Moffat County students embrace flavors, spirit, history of Thanksgiving

Lauren Blair
Sunset Elementary School kindergarteners Nathan LeFevre
Lauren Blair

— Tuesday was full of the Thanksgiving spirit in Moffat County schools, as many of them marked the occasion with special activities to teach kids about the history of the holiday.

Kindergarten students at Sunset Elementary School donned construction-paper costumes for a Thanksgiving feast Tuesday afternoon featuring turkey meatballs, cornbread, pumpkin pie and cranberry jelly the students helped to make the day before.

“We’ve been learning about how people lived in the past, about their food, their clothes,” said kindergarten teacher Amy Jones. “We’re learning all about what Thanksgiving means.”

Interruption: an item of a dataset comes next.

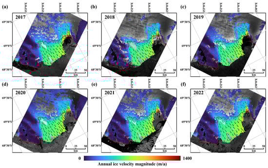 The annual ice velocity maps of the Cook Ice Shelf in (a) 2017, (b) 2018, (c) 2019, (d) 2020, (e) 2021, and (f) 2022 determined from the Sentienl-1 time-series SAR offset tracking. The black arrows represent the ice flow directions.

Kindergarteners in Nicolle Smith’s class at Sandrock Elementary School also got hands-on experience with the food of the pilgrims, though they took a different approach.

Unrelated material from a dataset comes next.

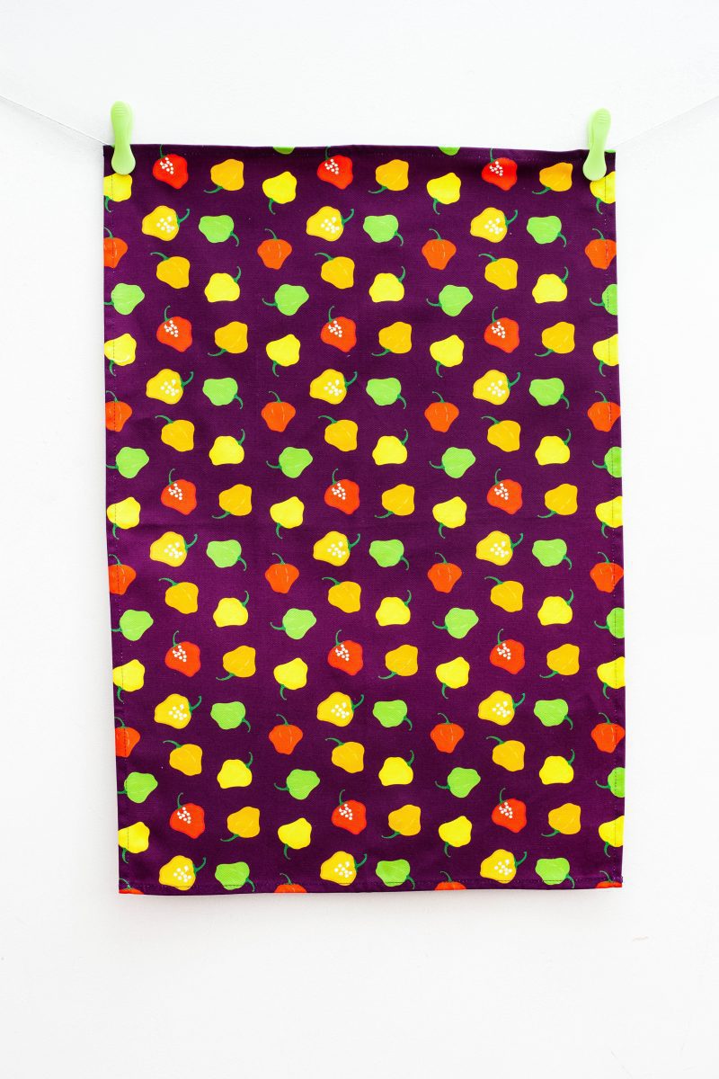 Tea towel with scotch bonnet pepper in plum background colour

“I gathered a bunch of foods that the pilgrims might have eaten, so we tasted them to see if we might be able to eat like pilgrims,” Smith said. “Then we graphed what we liked.”

The students even made their own homemade butter using cream, a small jar, a marble and lots of arm strength to shake the cream until it turned into butter. The homemade butter spread on crackers was a favorite among students along with yellow apples, while tart, raw cranberries ranked as their least favorite.

Sandrock’s second-graders were the stars of the show Tuesday afternoon for a series of Thanksgiving plays they performed for parents and family members.

“The first play was about when the pilgrims crossed and found the land that we’re on now,” said 7-year-old Makylee Ott. “The pilgrims taught the Native Americans to hunt, fish and make soap, and then they were good friends.”

Second-grade teacher Shawn Steele explained that the plays offered students an opportunity to build fluency by practicing speaking in front of an audience.

Over at East Elementary School, fourth- and fifth-graders earned enough points for a “read-in” through the Accelerated Reader program, which allows students to test comprehension and keep track of all the books they’ve read. Pajamas, blankets and pillows completed the picture as students curled up with a favorite book for quiet reading time Tuesday afternoon.

Finally, Ridgeview Elementary School students stayed on task this week in order to make the most of instructional time, Principal Amber Clark explained, while Maybell School and the new Moffat County Shared School invited parents and family to join in their own respective holiday feasts.